As this realisation dawned on me, anger took over. I began to notice other children. At each road junction young children dashed out between the hooting cars and red buses to sell trinkets or soiled Indian flags, young women, scarcely more than girls themselves, with a baby at the hip, putting their hands to their mouths miming hunger while tapping on the taxi windows. Later on someone told me that there are an estimated 100,000 street children in the city and environs of Bombay alone - perhaps 90% are from the slums, spending the day on the street scavenging, begging, selling whatever they can find, then returning to one of the sprawling slums that infest the city at Daravi or by the stagnant water and concrete pipes of the Mahim Creek.

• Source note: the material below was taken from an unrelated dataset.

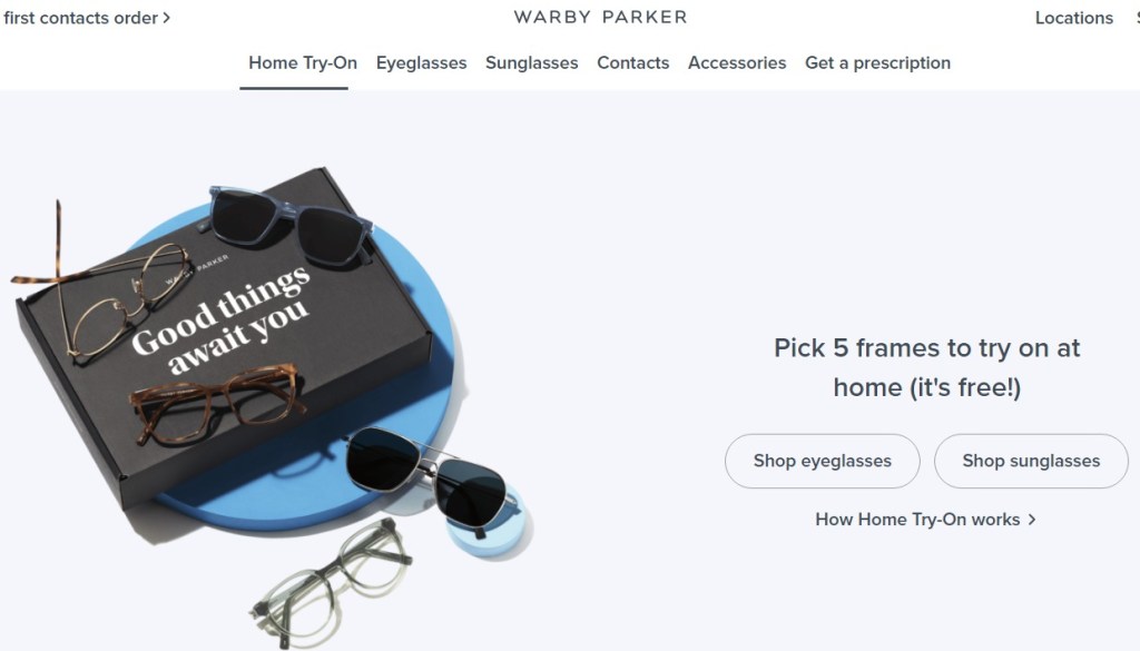 What exactly is it that makes Warby Parker different from its competitors? For starters, the company’s business model mainly focuses on online distribution. Warby Parker has cut out third party distributors by manufacturing and selling its products in house rather than to numerous showrooms. They have given their customers an alternative and unique way into purchasing eyeglasses by allowing them to pick five pairs of glasses to try, pick the best one, and ship the others back free of charge in their “Home Try-On Campaign.”

As I toiled onwards worrying that I would lose myself again or get caught by another scam, the time ran on and when I eventually got pointed in the right direction by some kind soul, I found my destination was a thirty storey concrete block of flats and my appointment was on the 22nd floor, reached by an ancient tiny lift which took an age to reach the appointed level. The flat door was open and I found the family I was to meet assembled there.
The sponsorship programme was administered by an elderly couple, Rusi and Freny Toddywalla, both members of the Theosophical Order of Service on behalf of Save the Children, who at that time had over 700 children on their books receiving a small annual donation towards school fees and medical supplies. My worries and nerves were soon transformed by the engaging activities of the girl's two year old cousin who broke the ice and the stiff formality of my greeting was soon dissipated. After introductions, tea and biscuits and the inevitable garlanding, I found myself taken under the wing of my ‘adopted’ family and the aunt pressed some notes into the hand of 'Clara' and she and her two brothers were given the task over the next two days of taking me sightseeing around the city. I tried to protest that I should pay, but I was their guest and the rules of hospitality required that I should accept their generosity with grace.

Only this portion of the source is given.